Глава 4. Белка и Олег
(Анжелика, 1982 год)

    Это было давно. Это было так давно, что никто уже не помнит, когда это было, да и было ли вообще.
   И все же.
   Случилось это в то время, когда все без исключения люди верили в существование чертей, вурдалаков, ведьм, русалок, леших и прочей злой и кровожадной нечисти. И, конечно же, нечистью этой кишела в те времена вся земля. Ведь люди тогда еще не знали, что только поверив во что-нибудь доброе и красивое, смогут они поколебать владычество злых душегубов и добротой этой населить свой удивительный край. А край тот действительно был прекрасен. Медленные обильные реки текли среди пологих холмов, золотые поля сменялись темными борами и светлыми березняками, где нежно розовели в изумрудной траве волнушки и сыроежки, и огоньки земляники стеснительно прятались под яркой зеленью бархатистых листьев.
   А в самой середине огромного векового леса стоял в те времена черный терем, сложенный неведомо кем из неотесанных камней и огромных закопченных бревен. Клоки белого мертвого мха торчали из высоких стен, а в узких оконцах терема пряталась нелюдская темнота. К терему вели три дороги, но в колеях их зеленела трава и поднимались молодые березки. Потому что даже в самый светлый полдень никто из людей не решался ступить на эти дороги.
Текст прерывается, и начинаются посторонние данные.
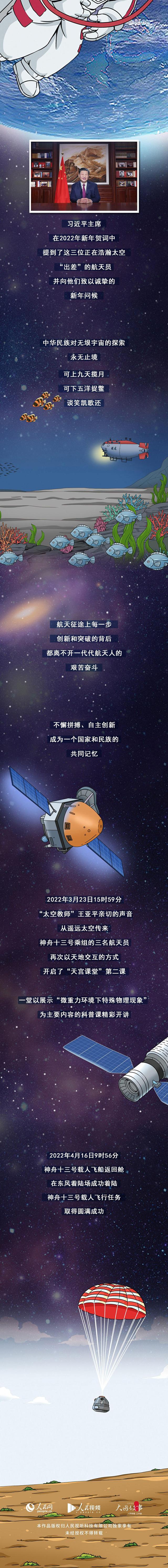 五十一年,從“東方紅一號”到神州十三號,烙印的是中華兒女對飛天夢的不懈追求。如果說“不知天上宮闕,今夕是何年”記錄著我們的好奇,那“可上九天攬月”則寄予著我們的夢想。 天宮課堂生動開講,干貨滿滿,揭曉未知的神秘;航天員們太空出差,妙趣橫生,延展探索的邊界;女航天員王亞平出艙活動,更是邁出了中國女性艙外太空行走的第一步。 而今,神舟十三號返回艙成功著陸,“太空出差三人組”平安歸家。如今精彩圓滿,未來屬于我們!

   Черный и угрюмый днем, с наступлением ночи терем оживал. Крики и вопли слышались из его окон и далеко разносились по притихшей округе. Мелькал в окнах свет факелов и те жутковатые синие огоньки, которые видят путники на болотах. Иногда вываливались из окон и дверей странные, уродливые, полупрозрачные в неверном свете факелов тени и, страшно стеная, скрывались в густом лесу. То пировала, гуляла лесная, водяная и прочая нечисть.
   Никакой отдельный человеческий рассудок не выдержал бы зрелища этого кровавого пира и вида его чудовищных гостей. Только все люди разом, собрав все свои страхи и унижения за сотни и тысячи лет, могли придумать и, значит, создать такое…
   К утру гости разлетались, расползались, растворялись в розовой дымке зари, оставляя после себя вонь, грязь, лужи засохшей крови на усыпанном грязной соломой полу, да обгрызенные кости на столах и в потемневших от времени деревянных мисках с застывшим, невероятно отвратительным на вид и запах жиром.
   В тереме оставалась лишь ведьма-хранительница. Она, как могла, убирала покои и, поминутно ворча и ругаясь, ссыпала мусор в огромную яму позади терема, над которой круглый год кружили вороны с железными клювами и карими беспощадными глазами.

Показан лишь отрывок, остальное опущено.